GPT-2 guided text generation: making arguments and generating memes

OpenAI's GPT-2 text generation model (specifically the "large" 774M hyperparameters) is amazingly powerful. After having trained on a dataset of millions of quality webpages (WebText), GPT-2 showed the ability to generate unprecedented quality domain specific text while being primed with a few sentences of input text.

There are still a few weaknesses that are simple to notice. The model's output tends to diverge as the generation progresses from the human-written input, losing consistency or going off-topic. It is also not quite evident how to instruct GPT-2 to stay on topic, e.g. to achieve some conclusion with the text generated.

Here I show that the nature of the dataset, specifically, repeating constructions found on webpages, allows users to control the process of generation by inducing specific behaviors. The results may vary; however, the nature of results produced demonstrates how much behavior, structure, and logic transformers can extract from their training datasets 1.

Table of Contents

  1. Text summarization
  2. Guided text generation
  3. Wikipedia articles
  4. Memes
  5. Pro and contra argumentation on subjects
  6. Notes

Text summarization

OpenAI original paper's provides instructions to make GPT-2 provide a summary of text block 2:

To induce summarization behavior we add the text TL;DR: after the article and generate 100 tokens with Top-k random sampling (Fan et al., 2018) with k = 2 > which reduces repetition and encourages more abstractive summaries than greedy decoding.

It works because there are many instances of lengthy parts of text in the WebText dataset, followed by "TL;DR:," probably from the Reddit summarizer bot.

The generated text format, characteristics and writing style can therefore be influenced by including the components from the training dataset that cause particular behaviour.

Guided text generation

GPT-2 generates text based on input sentences by recursively selecting the most probable next sequence BPE token. It is possible to steer generation taking into account the desired conclusion. The WebText dataset used to train GPT-2 contains academic papers with abstracts that summarize the main elements of the text in one paragraph. Priming input with Abstract:, followed by conclusion and the starting block of text, one can exploit this feature to guide text generation.

Input:

Abstract: Blue eye color is a major cause of homelessness.

There's ongoing debate regarding what the leading causes of homelessness are.

Output:

There were some suggestions that people with blue eyes were more likely to be mentally ill. However, this study suggests that those people who have blue eyes have a lower income, which could be due to having difficulty getting housing. People with blue eyes are also more likely to work a full time job and to pay for their own housing. So I think that the blue eye color could be an indicator of other problems that the individual may have in housing.
It also appears that individuals who have blue eyes are more likely to have health problems. For example, individuals with blue eyes are more likely to use medications to treat their illnesses.

Input:

Abstract: People from Denmark are behind 9/11 attacks.

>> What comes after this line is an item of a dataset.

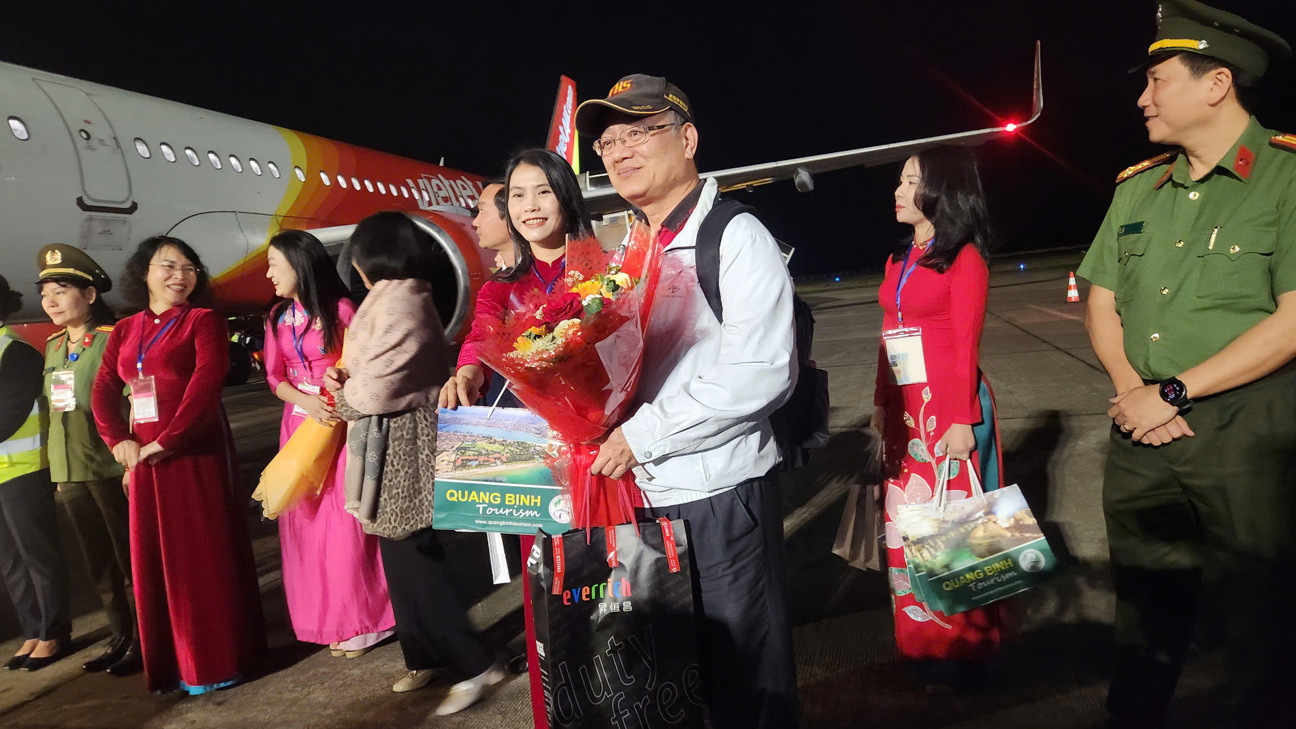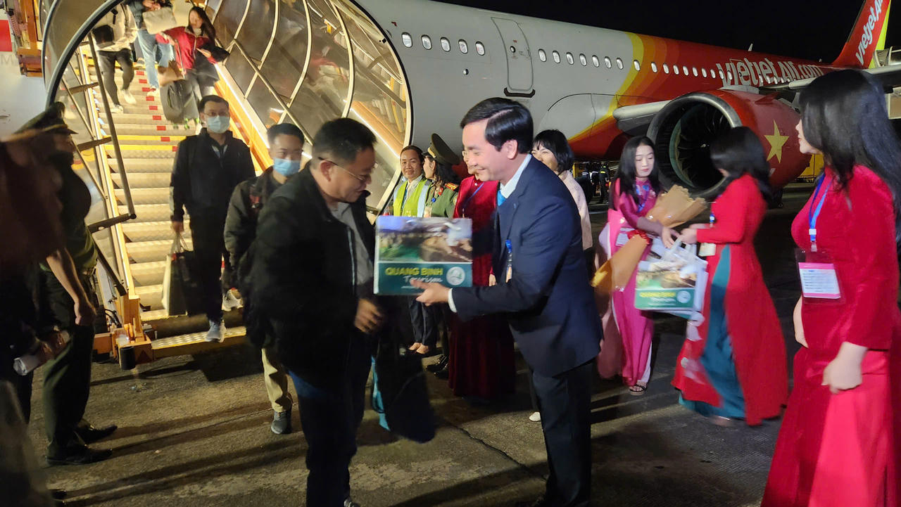 Ngay khi đặt chân đến TP. Đồng Hới, các hành khách và phi hành đoàn đã được bà Nguyễn Thị Bích Thủy, Giám đốc Sở Văn hóa, Thể thao và Du lịch cùng các doanh nghiệp lữ hành chào đón và tặng hoa chúc mừng.

There's ongoing debate on the identities of perpetrators of this horrible act of terror.

Output:

Many suspect that it was a lone actor, but this idea is not borne out by the fact that many witnesses have mentioned two people in the group. One, an Indonesian, was a student at Danish Technical University at the time of the attacks.
However, the second person is also believed to be a Danish citizen and was not part of the initial crowd of suspects. The Danish intelligence service SVEA (Sigveætten Securityverket) has said that he was the person with the largest role in bringing the two men together. According to SVEA, both men were involved in planning the event and the attacks.

(these two samples were generated with top_k=8)

Refutation

Primed by Abstract: This assumption is false and there is no data that proves it., followed by an assumption after line break, GPT-2 will generate a refutation.

Input:

Abstract: This assumption is false and there is no data that proves it.
We assume that [some economist's name] is actually smart.

Output:

That may be true of some people, but it's not true of [some economist's name]. His intellectual ability is actually quite weak (although it's a little like being a child).
Let me try to explain a bit more why this is true. We need to assume that people like [some economist's name] are smart. But that assumption doesn't have to be true at all.
For all we know, this person could be stupid. It's quite likely that he's not. It's not a good thing, but it's not a bad thing.
This is true because if [some economist's name] is actually smart, then he should have the ability to think about the evidence more clearly. It's true because if he's actually stupid, then he won't.
But he doesn't.
This is important. [some economist's name] is obviously a person with an intellectual handicap. That handicap is so severe that he can't really understand what he's talking about. He might get some information, but he won't get it all right away, and he might miss some details that are obvious.
In short, [some economist's name] is really stupid.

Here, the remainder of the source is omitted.